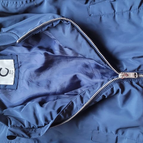 Myydään H&M:n pusakkatakki, jossa puuvillavuori. Takin koko 104cm. Päällikangas muistuttaa farkkua.
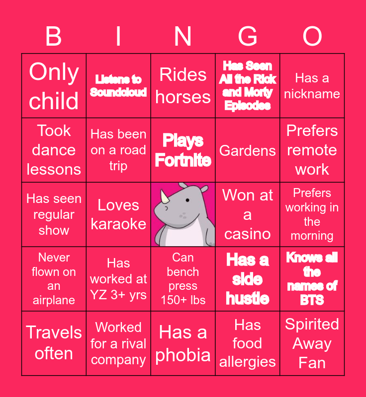 This bingo card has a free space and 29 words: Travels often, Knows a Sponge Bob Quote, Loves karaoke, Is left-handed, Only child, Rides horses, Has been on a road trip, Has worked at YZ 3+ yrs, Won at a casino, Worked for a rival company, Prefers working in the morning, Spirited Away Fan, Has a phobia, Has food allergies, Prefers remote work, Wearing funny socks, Can bench press 150+ lbs, Never flown on an airplane, Has a nickname, Has seen regular show, Has a side hustle, Loves true crime podcasts, Gardens, Took dance lessons, Has Seen All the Rick and Morty Episodes, Listens to Soundcloud, Knows all the names of BTS, Plays Fortnite and Has seen Coraline.
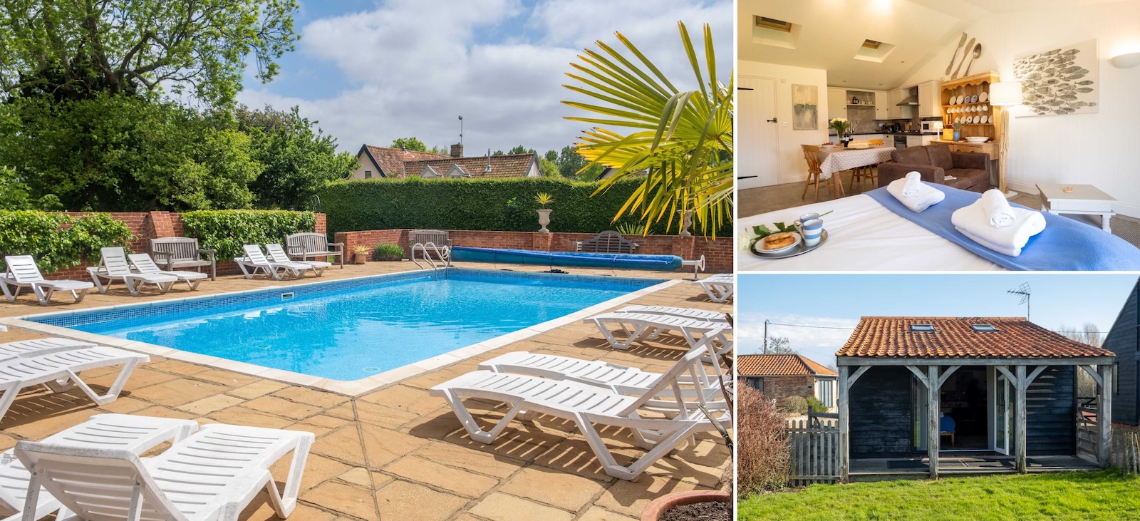 Close to the well-known seaside towns of Southwold and Aldeburgh and just a few miles from the beautiful heritage coast with beaches and outstanding walks. These eco-friendly cottages are set in thirteen acres of paddocks and meadows with a tennis court available all year round (please bring your own rackets and balls) and outdoor heated swimming pool (available May – September from 9.00am – 5.30pm) The properties offer peace and tranquillity and a safe play area for children to roam free while adults can relax and unwind.
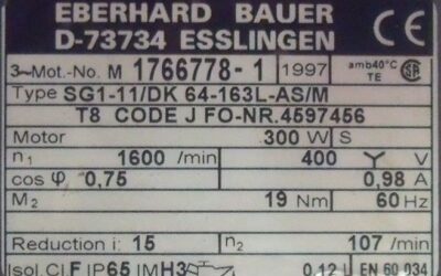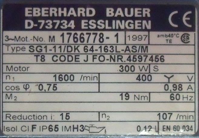 Getriebemotor 0,3 kW 89 U/min von BAUER – SG1-11/DK 64-163L-AS/M im Zustand: gut und am Standort der Ware: 26215 Wiefelstede, DE
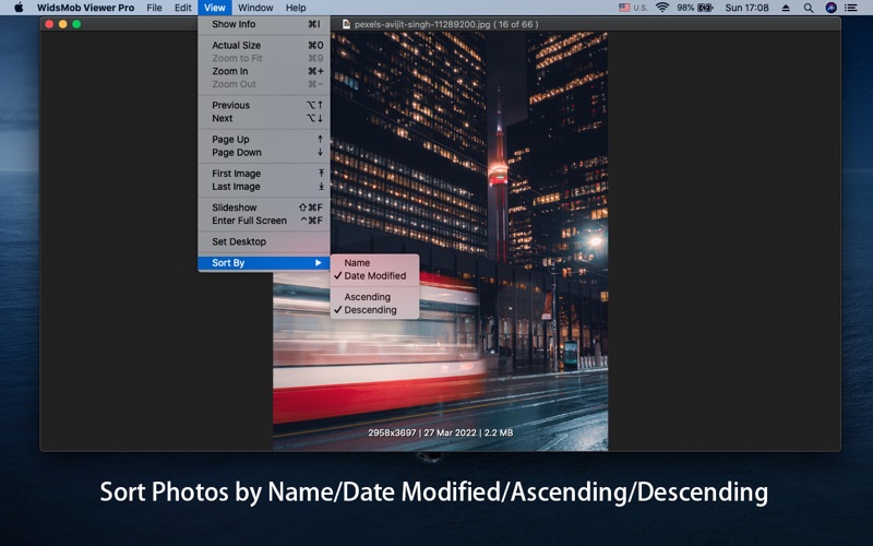 • Set desktop, reveal in Finder, enter full screen, or make a slideshow.
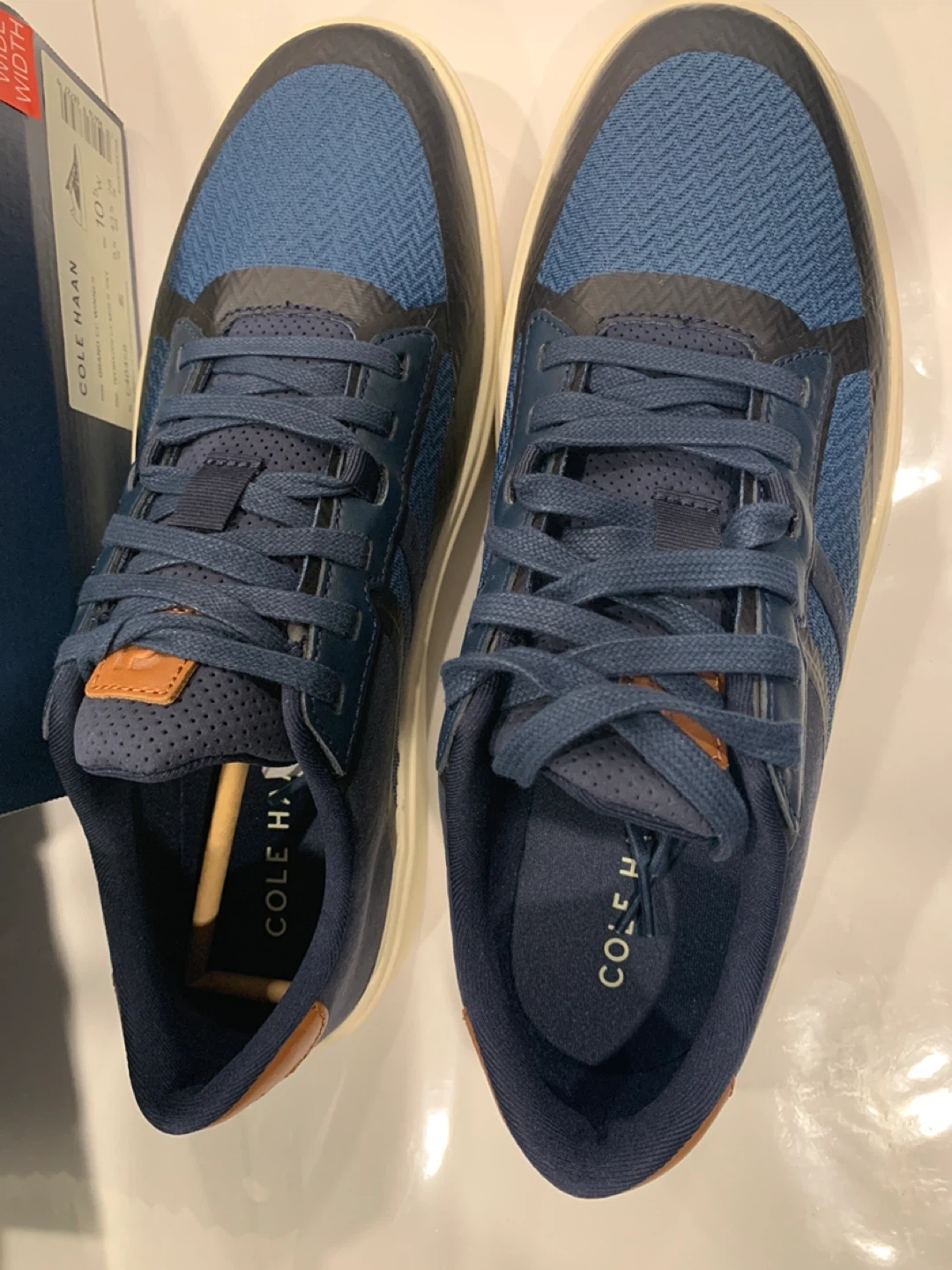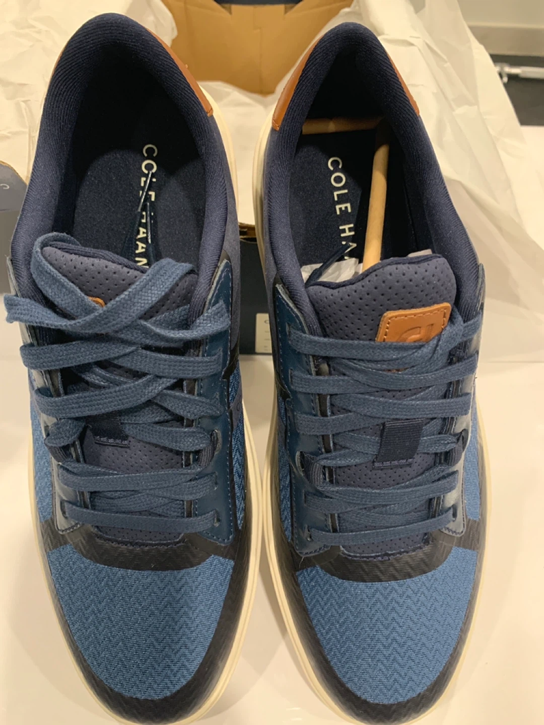Selling a pair of Cole Haan Grand Crosscourt sneakers in size 10.5. They're in great condition and come with the original box. These sneakers are perfect for everyday wear and offer a stylish, comfortable fit!

▶ _REQUIRED WORK_:
Word for word, write out the whole listing, keeping none of the pictures.

▶ _RESPONSE TO THE EXERCISE_:
 Myydään H&M:n pusakkatakki, jossa puuvillavuori. Takin koko 104cm. Päällikangas muistuttaa farkkua.
 This bingo card has a free space and 29 words: Travels often, Knows a Sponge Bob Quote, Loves karaoke, Is left-handed, Only child, Rides horses, Has been on a road trip, Has worked at YZ 3+ yrs, Won at a casino, Worked for a rival company, Prefers working in the morning, Spirited Away Fan, Has a phobia, Has food allergies, Prefers remote work, Wearing funny socks, Can bench press 150+ lbs, Never flown on an airplane, Has a nickname, Has seen regular show, Has a side hustle, Loves true crime podcasts, Gardens, Took dance lessons, Has Seen All the Rick and Morty Episodes, Listens to Soundcloud, Knows all the names of BTS, Plays Fortnite and Has seen Coraline.
 Close to the well-known seaside towns of Southwold and Aldeburgh and just a few miles from the beautiful heritage coast with beaches and outstanding walks. These eco-friendly cottages are set in thirteen acres of paddocks and meadows with a tennis court available all year round (please bring your own rackets and balls) and outdoor heated swimming pool (available May – September from 9.00am – 5.30pm) The properties offer peace and tranquillity and a safe play area for children to roam free while adults can relax and unwind.
 Getriebemotor 0,3 kW 89 U/min von BAUER – SG1-11/DK 64-163L-AS/M im Zustand: gut und am Standort der Ware: 26215 Wiefelstede, DE
 • Set desktop, reveal in Finder, enter full screen, or make a slideshow.
Selling a pair of Cole Haan Grand Crosscourt sneakers in size 10.5. They're in great condition and come with the original box. These sneakers are perfect for everyday wear and offer a stylish, comfortable fit!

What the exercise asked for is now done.